Bei Madagaskar denkt man sofort an den gleichnamigen Animationsfilm und weniger an die Menschen des Inselstaats, wohin Nina Könnemann 2004 reiste. Ihre dort entstandenen Fotografien zeigen Männer, gehüllt in neonfarbene Badehandtücher, die nach ihrer Beobachtung die traditionellen Umhänge ersetzt haben. In ihrer Ausstellung hat die Künstlerin in Anbindung an diesen kulturellen Wechsel ein orangefarbenes Badehandtuch produzieren lassen, das wie ein abstraktes Bild ohne Rahmen in der Kunsthalle hängt. Für Könnemann ist ihr „Basketball-Handtuch“ ein Artikel der sowohl in Madagaskar als auch in Blackpool verkauft und ein Sommer lang getragen werden könnte. So gelingt es ihr, über die Warenstruktur beide Orte zu vernetzen: vermutlich stammen auch die in Blackpool vertriebenen Scherzartikel wie die Badehandtücher ursprünglich aus China.
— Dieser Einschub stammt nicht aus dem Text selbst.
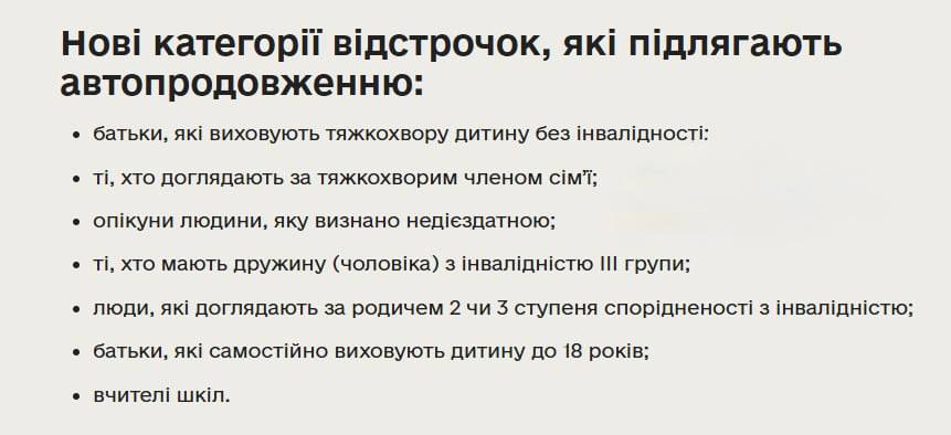 До системи додано відстрочки для 7 категорій українців, при цьому автопродовження зберігається для 14 раніше визначених категорій.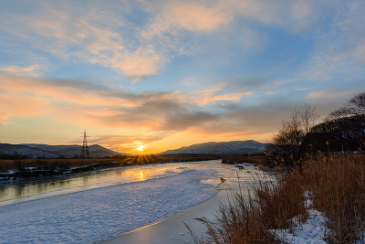 Закат над излучиной р.Рудной, перед Рудной Пристанью. 01.26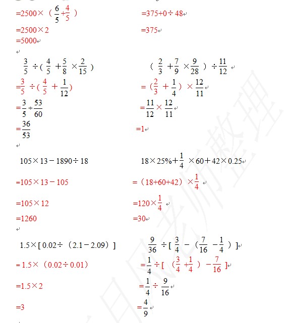 2012青岛小升初 数的运算练习题答案(3)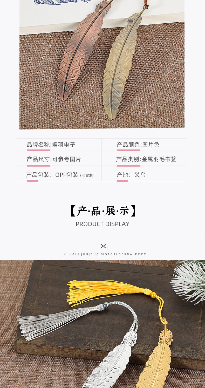 | Specifications | Feather bookmark |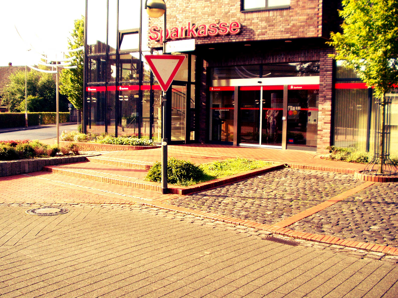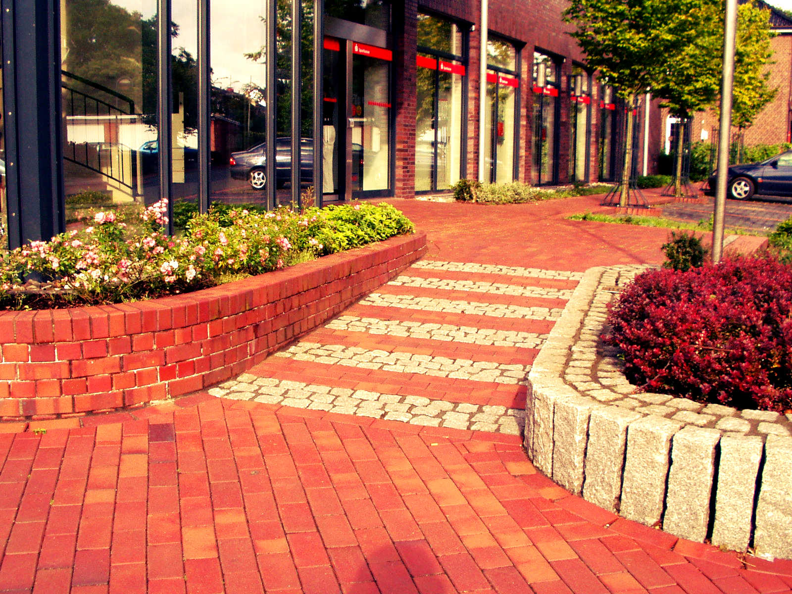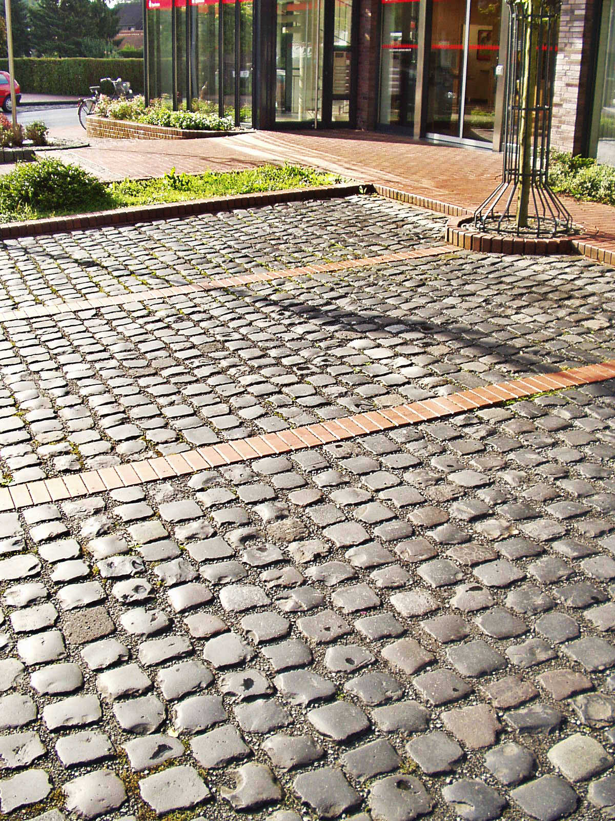 An der Sparkasse in Hamminkeln erstellten wir eine Rampe zum Überbrücken der verschiedenen Ebene.Die Parkplätze wurden aus Basalt Kopfsteinpflaster gefertigt.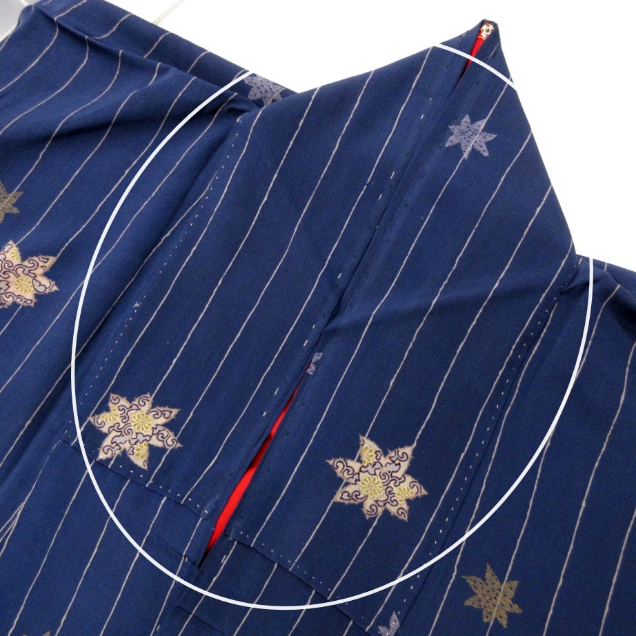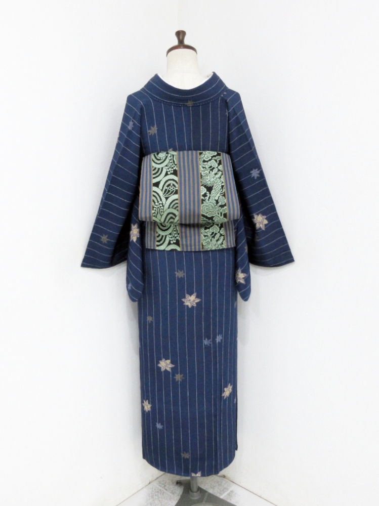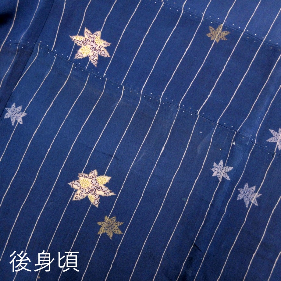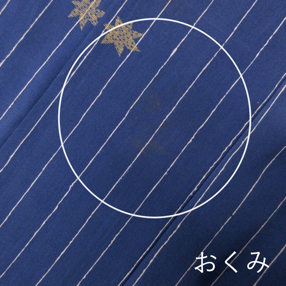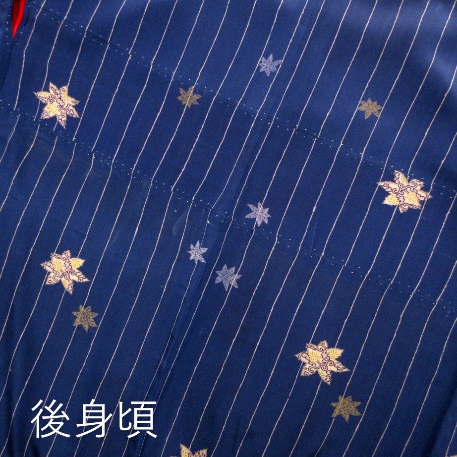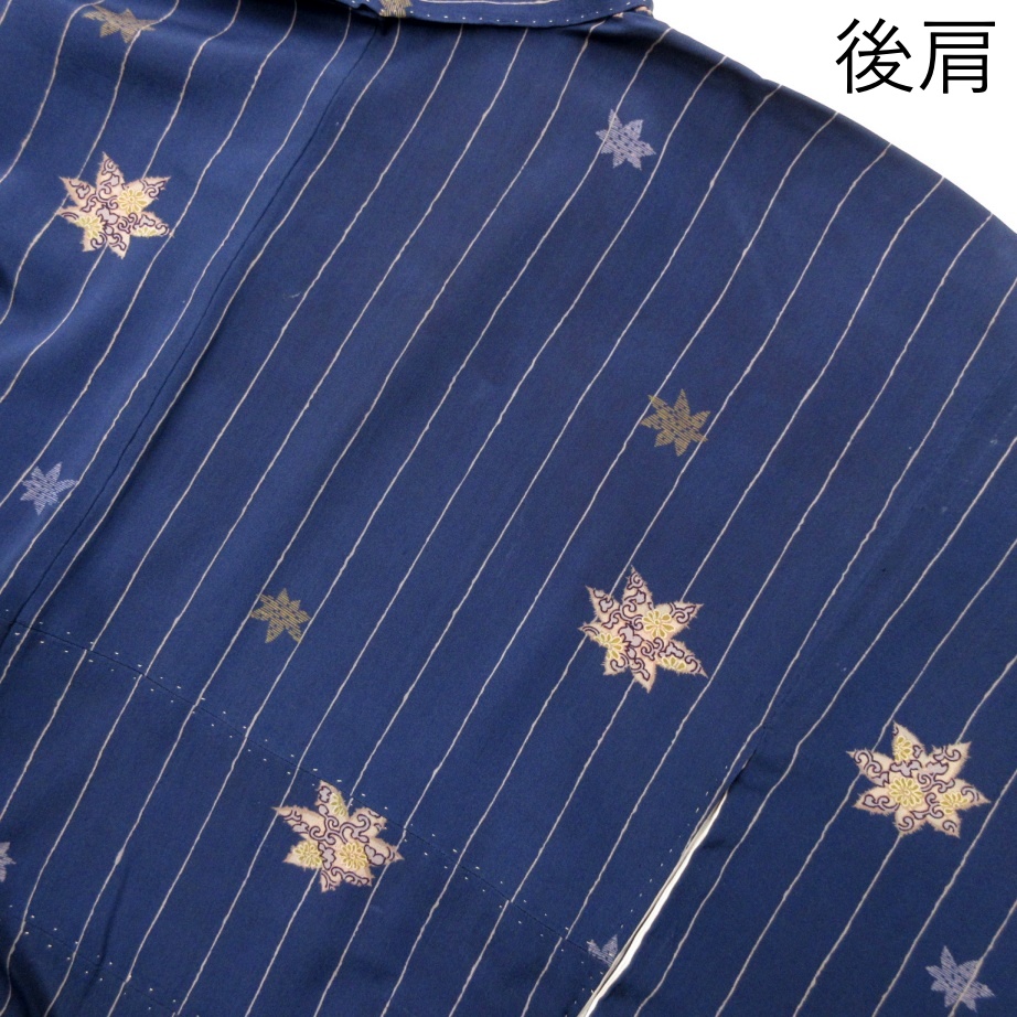 ■雅星■アンティーク!!ネイビー*シマ 紅葉文♪小紋 正絹袷 裄65.5丈166ゆったりロング 販売価格 29,800円 (税込) 購入数 \送料無料/ カートに入れる この商品について問い合わせる お気に入り 特定商取引法に基づく表記 コーディネートで使用している商品 ■雅星■アンティーク!!ブラック×ネイビー*飛雲に龍 宝文♪正絹九寸《名古屋帯》 26,800円(税込) ★雅星本店オリジナル★新品*リバーシブル 縁あり三分紐【クリックポスト発送】 6,600円(税込) 商品詳細 状態ランク: ★★★ しなやかな手触りで落ち感も綺麗。 ネイビーベースに細縞、シックな色合いの紅葉も相まって目を惹くデザインになっています。 大人のアンティークコーデが楽しめるこなれた色柄が素敵です。 ポップな色柄が苦手な方・時代物初心者さんにもおススメなレトロ小紋です。 《袷・広衿》身長161〜171cm位までの方にオススメです。 ☆時代物には珍しいゆったりロング丈の希少品です! 胴継ぎがなされお仕立て直しされております。 スレ・ヤケ・地に紛れたシミ・補修痕等が見られますが、特別濃いシミがないお品なので撮影時は時代感に紛れて気になりませんでした。 アンティーク品に慣れた方でしたら問題ない種類のダメージだと思います。 珍しいサイズのお品ですので、色柄を気に入って下さった方に是非♪ 着物のみの価格で、帯・小物は含まれておりません。 サイズ・素材 裄 65.5cm 肩身丈 166cm 袖丈 49.5cm 袖幅 33cm 前幅 28cm 後ろ幅 30.5cm 内揚げ 0cm 縫込み(袖側) 0cm 縫込み(肩側) 3.5cm 素材 正絹 状態ランクについて ★★★★★ 超美品・新品・未使用品です。 ★★★★ 中古品ですがダメージの無いお品です。 ★★★ 薄ジミなどがありますが着用時には目立ちません。 ★★ 工夫次第で十分着用可能なお買い得品です ★ 大きめのシミがありますので、リメイク材料等にどうぞ。 _an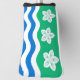 Golf Head Cover with design with a flag of historic county of Cumberland, in England, Great Britain; green flag with three Parnassus flowers and white and blue waves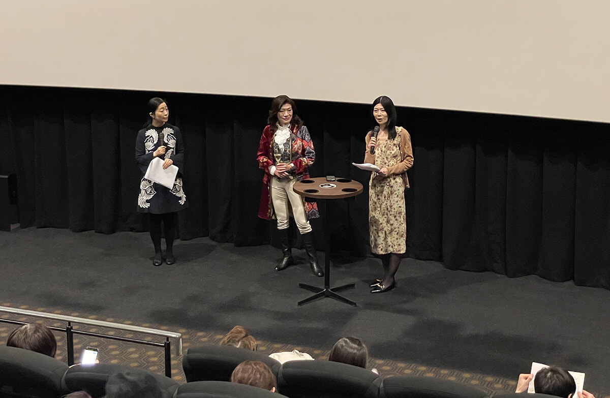 観客はドリンクを持ったまま劇場内へ。上映を前に、シャンパーニュや劇中で描かれるフランス文化の理解度を深めてくれるトークショーが始まった。登壇者はルイ・ロデレールを輸入販売するエノテカ株式会社で広報を担当する佐野昭子さんと、服飾史家、著述家の中野香織さんだ。
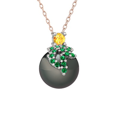 Sitrin, yeşil kuvars ve siyah inci 18 ayar beyaz altın kolye (40 cm rose altın rolo zincir)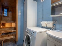 - Pesutilojen varusteet: WC-istuin, suihku, peilikaappi, pesuallas, allaskaappi ja bidee-suihku.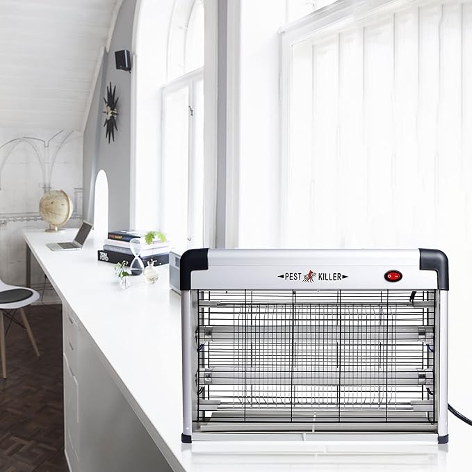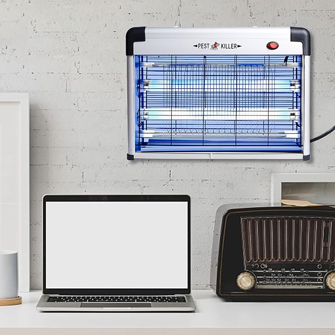 - HANGING OR STAND: Phosooy indoor insect zapper is designed thin and modern with non-clogging and non-rust mental grid. It can be placed on a flat surface, or hung with the accompanying chain attaching to the hooks on the top of the zapper.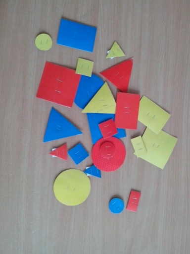 - развитие умений классифицировать и обобщать фигуры по трём свойствам (цвет, форма, величина);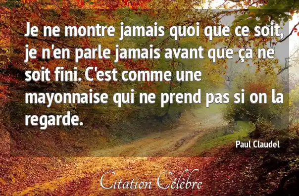 Je ne montre jamais quoi que ce soit, je n'en parle jamais avant que ça ne soit fini. C'est comme une mayonnaise qui ne prend pas si on la regarde.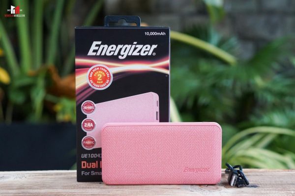 Cùng với vật liệu khá lạ thì Energizer cũng mang đến một số màu sắc khá bắt mắt gồm hồng, xám và xanh dương để người dùng thoải thích lựa chọn với sở thích của mình. Một điểm nữa mình đánh giá cao là phần khung bằng nhựa cũng trùng màu với lớp phủ mà Energizer gọi là vải Fabric cho Energizer UE10043 có một thiết kế tổng thể khá bắt mắt, tạo được điểm nhấn cũng như sự khá biệt so với phần lớn pin sạc dự phòng đang có mặt trên thị trường.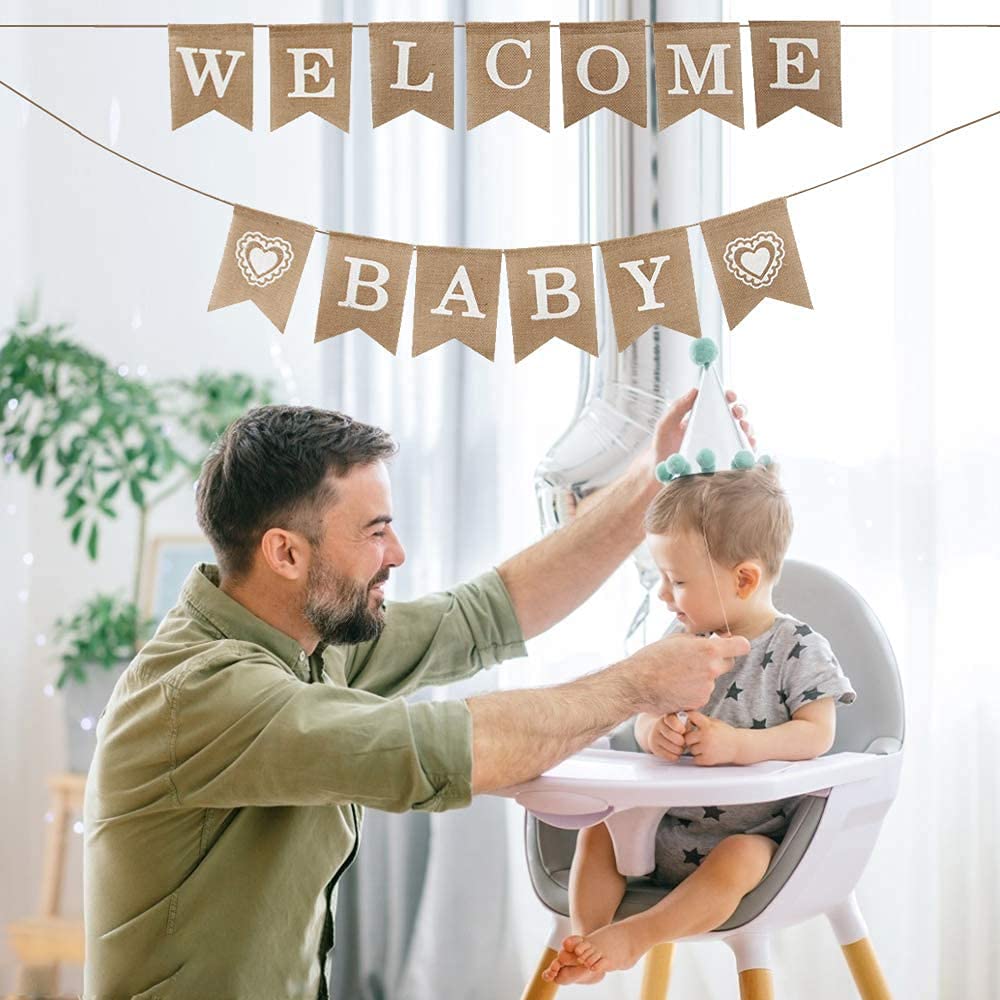 Bannière Baby Shower En Lin Rustique - Guirlande Déco "Bienvenue Bébé" (280 Cm)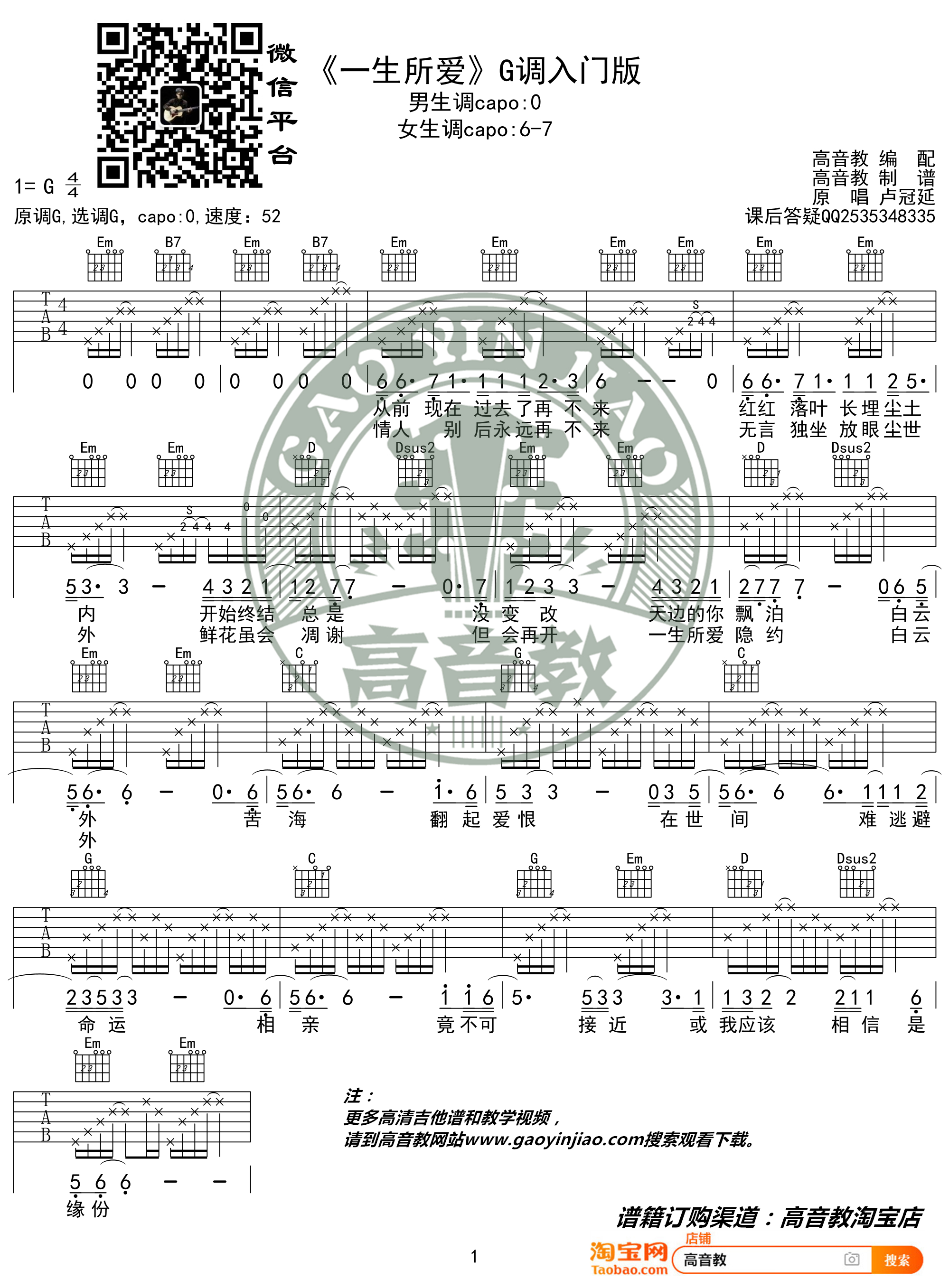 吉他卢冠廷《一生所爱》吉他谱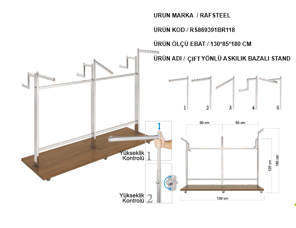 Çift Yönlü Askılık Bazalı Stand, mağazalarda kıyafet ve tekstil ürünlerinin iki taraflı olarak düzenli ve estetik şekilde sergilenmesini sağlayan profesyonel mağaza ekipmanlarından biridir. Çift yönlü tasarımı sayesinde aynı alanda daha fazla ürün sergileme imkânı sunarak mağaza içi alanın verimli kullanılmasına yardımcı olur.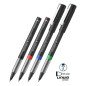 Brėžio storis 0,5 mm. Juodos, raudonos, mėlynos arba žalios spalvos rašalas. Metalinis antgalis.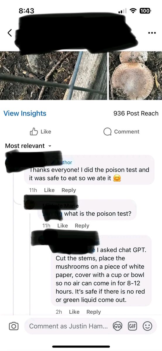 Aber mir scheint, dass man da eine interessant angelernte KI benötigt, um so einen "Gifttest" präsentiert zu bekommen. Sowohl ChatGPT als auch die Google-KI spucken mir, befragt nach "mushroom poison test", nur einigermaßen sinnvolle Antworten aus.

Insgesamt tun sich zahlreiche Referenzen im Portikus auf – ob es die Rezeptionsgeschichte des Films in Form von Massentourismus und seiner Moden ist. Auf der Bildebene allerdings stellt sich diese Verkettung an Bezügen in ihrer sloganhaft getitelten Ausstellung „Free Mumia“ (eine Art Echo auf internationale Solidaritätskundgebungen, die für den seit 1982 inhaftierten afroamerikanischen Politaktivisten Mumia Abu-Jamal stattfinden) nur schwer her.